(WHAT TO PRODUCE) Print the lines below from the line with "Kit 3 Pendente" to the line with "Découvrez notre élégant" exactly, keeping both ends, and print no pictures.

(DATA FOR ANALYSIS)
**********
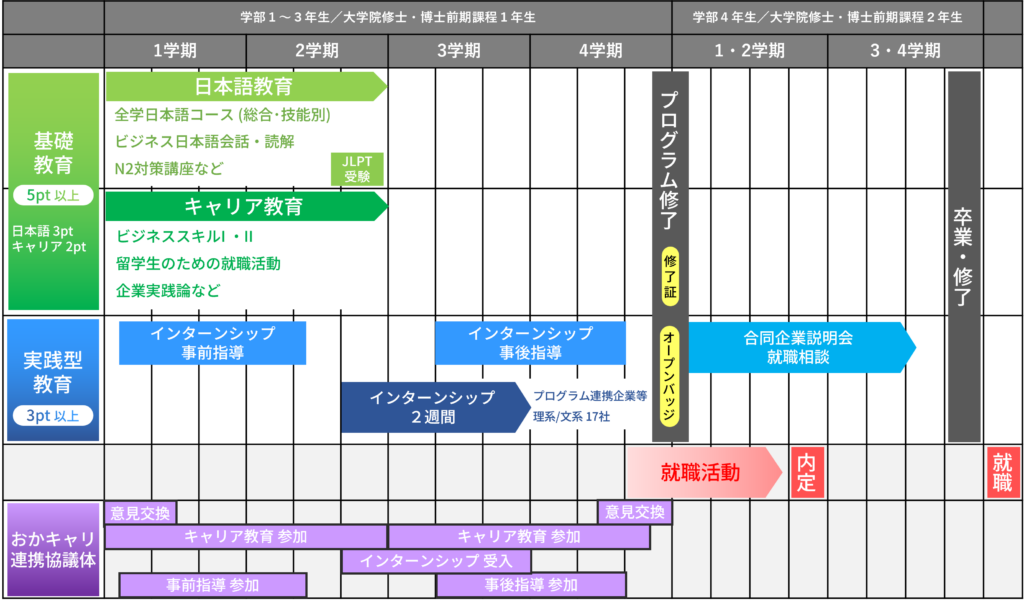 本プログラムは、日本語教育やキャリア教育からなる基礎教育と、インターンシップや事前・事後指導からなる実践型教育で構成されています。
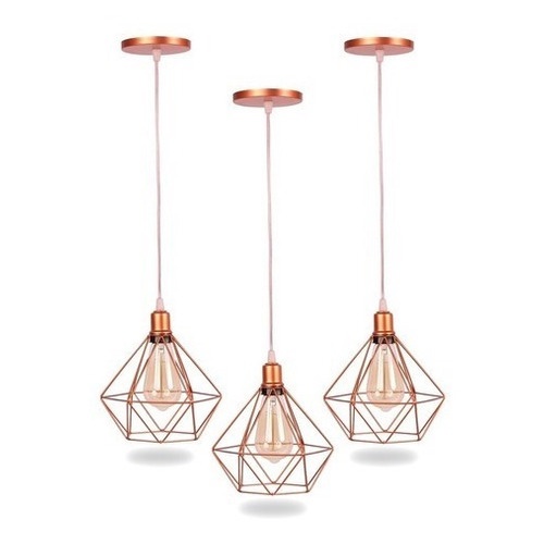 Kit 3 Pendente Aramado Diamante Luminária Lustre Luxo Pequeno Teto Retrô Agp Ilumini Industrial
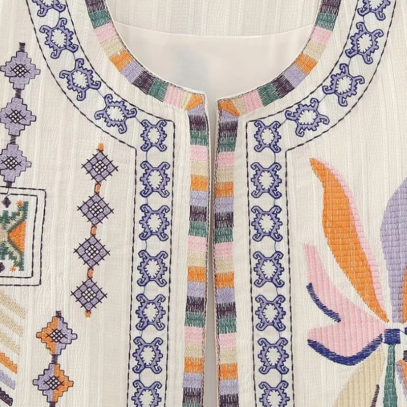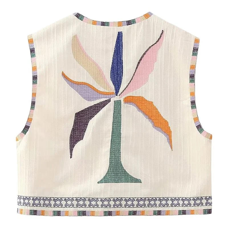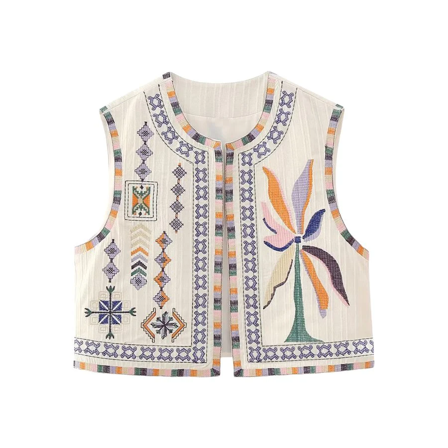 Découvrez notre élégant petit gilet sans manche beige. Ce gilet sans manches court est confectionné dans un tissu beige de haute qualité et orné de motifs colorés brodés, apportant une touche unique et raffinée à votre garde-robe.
**********
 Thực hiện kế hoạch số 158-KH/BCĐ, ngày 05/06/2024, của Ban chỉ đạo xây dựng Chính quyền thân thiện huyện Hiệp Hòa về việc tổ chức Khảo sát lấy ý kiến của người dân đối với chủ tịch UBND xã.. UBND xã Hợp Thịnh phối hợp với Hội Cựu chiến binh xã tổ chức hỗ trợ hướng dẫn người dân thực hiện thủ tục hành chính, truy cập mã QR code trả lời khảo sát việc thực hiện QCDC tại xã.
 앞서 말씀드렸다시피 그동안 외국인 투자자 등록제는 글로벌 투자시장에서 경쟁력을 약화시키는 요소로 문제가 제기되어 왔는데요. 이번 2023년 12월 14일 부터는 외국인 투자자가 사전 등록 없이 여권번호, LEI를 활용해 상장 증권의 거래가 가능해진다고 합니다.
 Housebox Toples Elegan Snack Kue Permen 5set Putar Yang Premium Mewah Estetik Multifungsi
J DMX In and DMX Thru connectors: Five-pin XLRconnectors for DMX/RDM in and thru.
**********
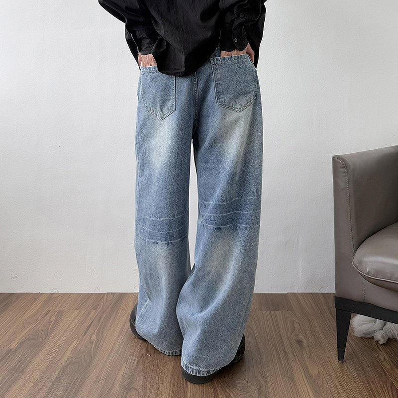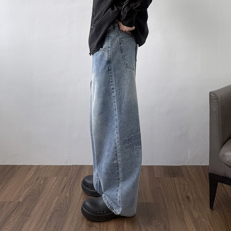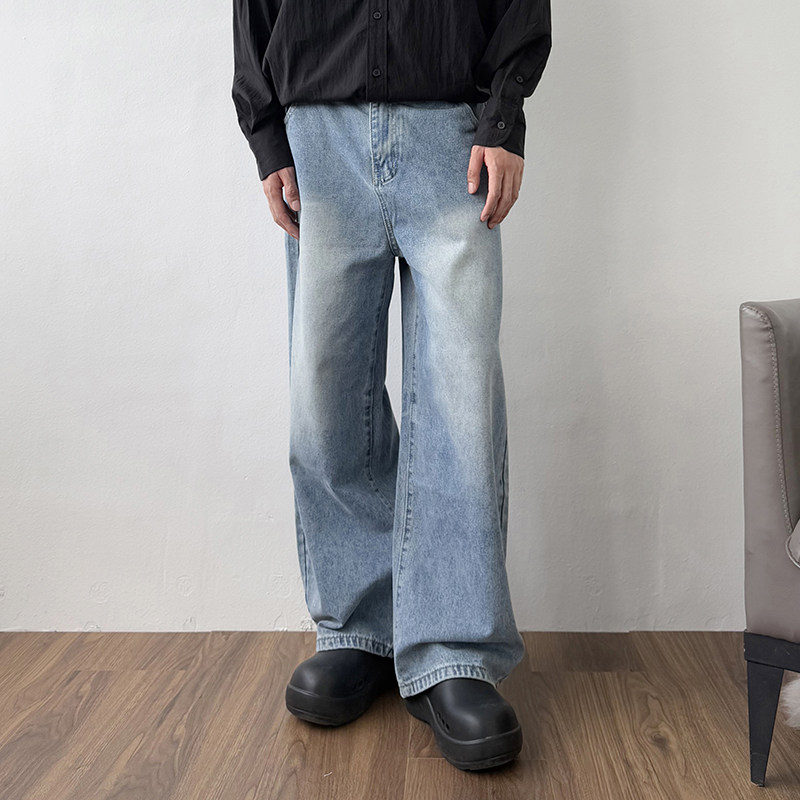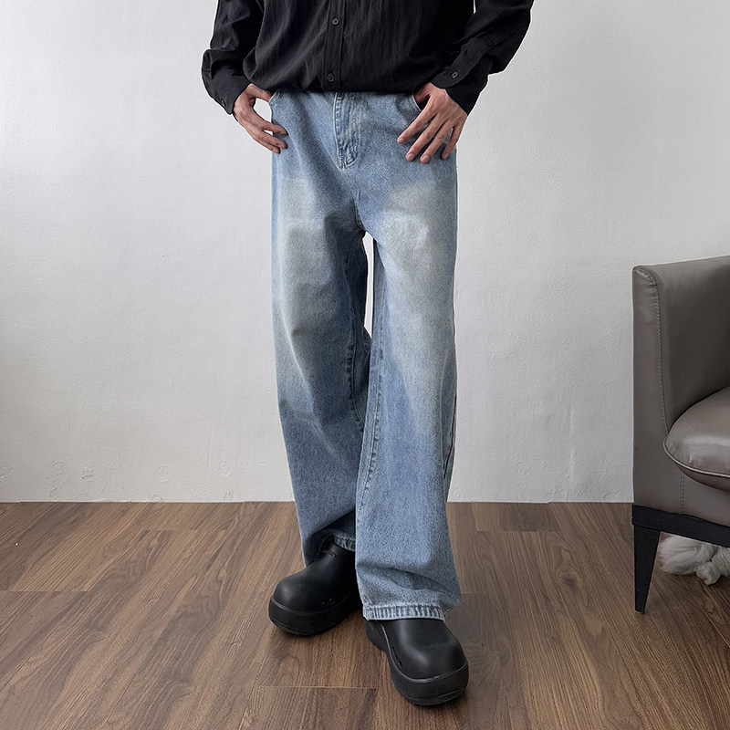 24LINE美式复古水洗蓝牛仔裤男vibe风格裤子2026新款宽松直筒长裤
**********
(TASK OUTPUT)
 Kit 3 Pendente Aramado Diamante Luminária Lustre Luxo Pequeno Teto Retrô Agp Ilumini Industrial
 Découvrez notre élégant petit gilet sans manche beige. Ce gilet sans manches court est confectionné dans un tissu beige de haute qualité et orné de motifs colorés brodés, apportant une touche unique et raffinée à votre garde-robe.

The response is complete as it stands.